Let $n= t^2 + s$, where $ 0\leq s \leq 2t $, that's $ t \leq \sqrt{n}<t+1$. For $s=0$ we have the representation: $n=t(t-1)+t$. For $1\leq s \leq t$, we have $n=t^2 + s$. Suppose $t+1$ is not a prime. Then, for $t<s\leq 2t$ ,we have $n= t(t+1)+(s-t)$. Let us suppose, for now on, $t+1$ is a prime number. In that case, $t+2$ is not a prime.

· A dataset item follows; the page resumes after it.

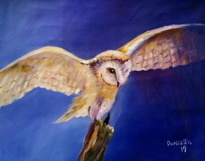 Flying Barn Owl Oil On Canvas 12x16 Original Painting Intense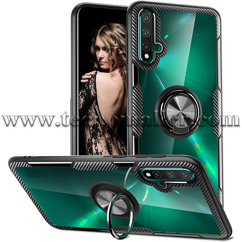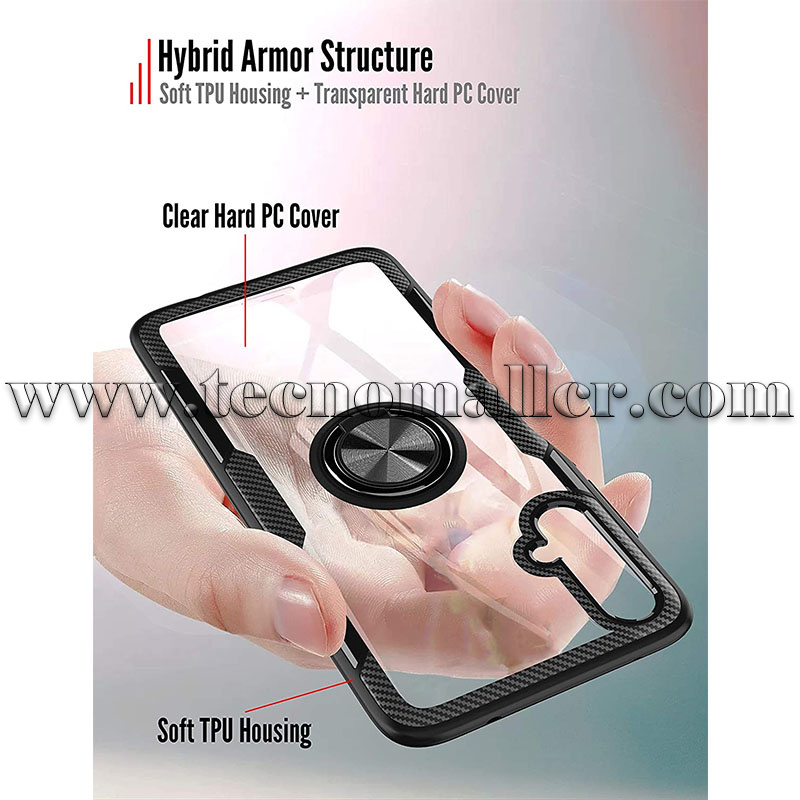 Redmi 9T estuche policarbonato transparente y fibra de carbono con anillo metalico

For $t<s\leq 2t-2$, we have $n=(t-1)(t+2)+ (s-t+2)$. When $s=2t$, we have $n=t^2+2t$ It remains the case $s=2t-1$. It that case, $n=(t-2)(t+4) + 7$, Since $7<\sqrt{n}$, the last representation is OK.

dgrozev wrote: Let $n= t^2 + s$, where $ 0\leq s \leq 2t $, that's $ t \leq \sqrt{n}<t+1$. For $s=0$ we have the representation: $n=t(t-1)+t$. For $1\leq s \leq t$, we have $n=t^2 + s$. Suppose $t+1$ is not a prime. Then, for $t<s\leq 2t$ ,we have $n= t(t+1)+(s-t)$. Let us suppose, for now on, $t+1$ is a prime number. In that case, $t+2$ is not a prime. For $t<s\leq 2t-2$, we have $n=(t-1)(t+2)+ (s-t+2)$. When $s=2t$, we have $n=t^2+2t$ It remains the case $s=2t-1$. It that case, $n=(t-2)(t+4) + 7$, Since $7<\sqrt{n}$, the last representation is OK. Case for $1\leq s \leq t$??????

dgrozev wrote: ... For $1\leq s \leq t$, we have $n=t^2 + s$... This is the needed representation in case $1\le s\le t.$

Is the example right in the question? As 3 does not divide 80 as well as 14.